Ella se despidió y después de echar otro vistazo a la niña arrancó, pero antes de emprender la marcha volvió a mirarme desde su ventanilla, yo aún permanecía de pie junto a ella.
- Gracias, Edward, gracias por encontrar y cuidar de mi pequeña - me dijo mirándome con los ojos cristalinos tratando de evitar las lágrimas.
- No tienes porque dármelas Bella, me alegro de que… Sarah esté bien - le confesé por primera vez y también por primera vez me sentí violento. Para mí seguía siendo Sarah, no mi hija… y eso me entristeció, saber que me había perdido los primero meses de la vida de mi primera hija me estaba causando un profundo y desconocido dolor…
Ella asintió apenada sorbiendo por la nariz y tratando de limpiar una de las lágrimas que se había escurrido de sus ojos, y finalmente aceleró saliendo rumbo a casa.
Yo, lentamente, caminé hacía mi coche y por unos minutos me quedé allí, en la oscuridad de la noche, agarrando fuertemente el volante y pasando una y otra vez el momento en el que encontré a mi pequeña en aquella inmunda grieta. Sí, eso era, mi pequeña. De pronto el corazón se me encogió al ser consciente de que no rescataba a la hija de la vecina, sino a mi propia hija; que no era una niña cualquiera la que lloraba dolorosamente entre mis brazos, sino mi propia hija; que no era una niña cualquiera la que se aferraba a mi camiseta y se tranquilizaba con mi canto, sino mi propia hija..

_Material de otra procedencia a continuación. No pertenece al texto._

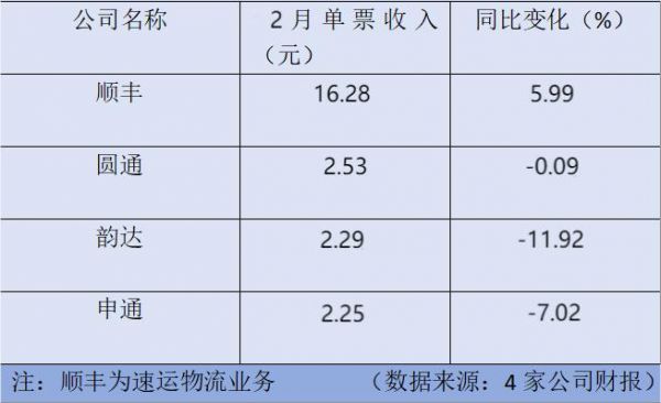 从单票收入来看,除顺丰外,申通、圆通、韵达2月单票收入均有所下降,其中韵达下降的幅度最大。市场人士分析,这或许意味着行业“价格战”有进一步延续的趋势。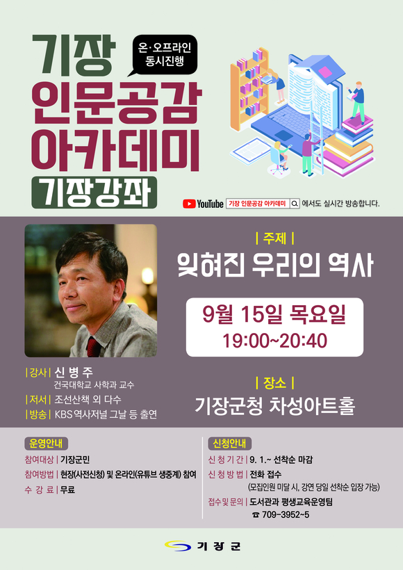 올해 첫 번째 강연은 9월 15일 오후 7시 기장군청 차성아트홀에서 역사학자 신병주 건국대학교 교수가 '잊혀진 우리의 역사'를 주제로 펼친다. 온라인 강연도 함께 실시된다.

Golpeé repetidamente el volante, sintiéndome frustrado. ¿Por qué? Necesitaba respuestas. Y entonces recordé a mi padre. ¿Por qué no me había dicho él que tenía una hija?, él debía saberlo, él estuvo una semana aquí y volvió. ¿Por qué? ¿Por qué?
Arranqué preso de la ira y conduje todo lo más rápido posible hasta llegar a la casa. No pude evitar mirar hacia la habitación de Bella y justo la de al lado estaba con la luz encendida; deduje que esa era la habitación de mi hija. Sí… mi hija, tenía que ir acostumbrándome a sentirla así, porque a partir de hoy iba a hacer todo lo posible por recuperarla, por recuperar el tiempo perdido, por recuperarlas a las dos…
Entré corriendo a la casa y busqué el móvil que había dejado en la mesa del salón.
-Hola hijo, ¿cómo va todo por ahí? -preguntó mi padre como de costumbre.
- ¿Por qué no me dijiste que tenía una hija? - le reproché como única respuesta.
- Edward…- mi nombre sonó como un suspiro cansado - ya veo que por fin lo has descubierto. Lo siento, no puedo decirte más, que lo siento - me confesó.
- ¿Pero por qué? - mi voz salió temblorosa, y no era para menos, me estaba rompiendo justo en este momento, justo delante de mi padre - ¿Por qué la vida se empeña en separarme de lo que más quiero? -pregunté totalmente abatido dejándome caer en el sofá y sintiendo como unas lágrimas se escapaban de mis ojos.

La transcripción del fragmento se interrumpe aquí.